In this module, we introduced common multi-group statistical tests, including both overall effects tests and post-hoc testing. We applied these tests to our example dataset and demonstrated how to produce publication-quality tables and figures of our results. Implementing a workflow such as this enables efficient analysis of wet-bench generated data and customization of output figures and tables suited to your personal preferences.

Additional Resources

Test Your Knowledge

Functional endpoints from these cultures were also measured.
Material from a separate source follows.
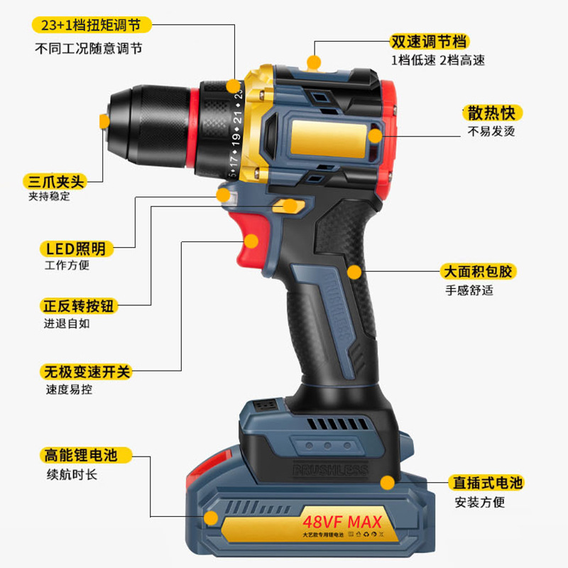 钻墙打孔多功能冲击锂电钻 家用纯铜无刷手电钻小钢炮

These endpoints were: 1) Membrane Permeability (MemPerm), 2) Trans-Epithelial Electrical Resistance (TEER), 3) Ciliary Beat Frequency (CBF), and 4) Expression of Mucin (MUC5AC). These data were already processed and tested for normality (see Test Your Knowledge for TAME 2.0 Module 4.2 Data Import, Processing, and Summary Statistics), with results indicating that two of the endpoints are normally distributed and two non-normally distributed.

Use the same processes demonstrated in this module and the provided data (“Module4_5_TYKInput.xlsx” (functional data)) to run analyses and make a publication-quality figure panel and table to answer the following question: Are there significant differences in functional endpoints between cells treated with different concentrations of acrolein?

For an extra challenge, try also making your faceted plot in the style of option #1 above, with different symbols, letters, or group names above columns to indicate which group that column in significant in comparison with.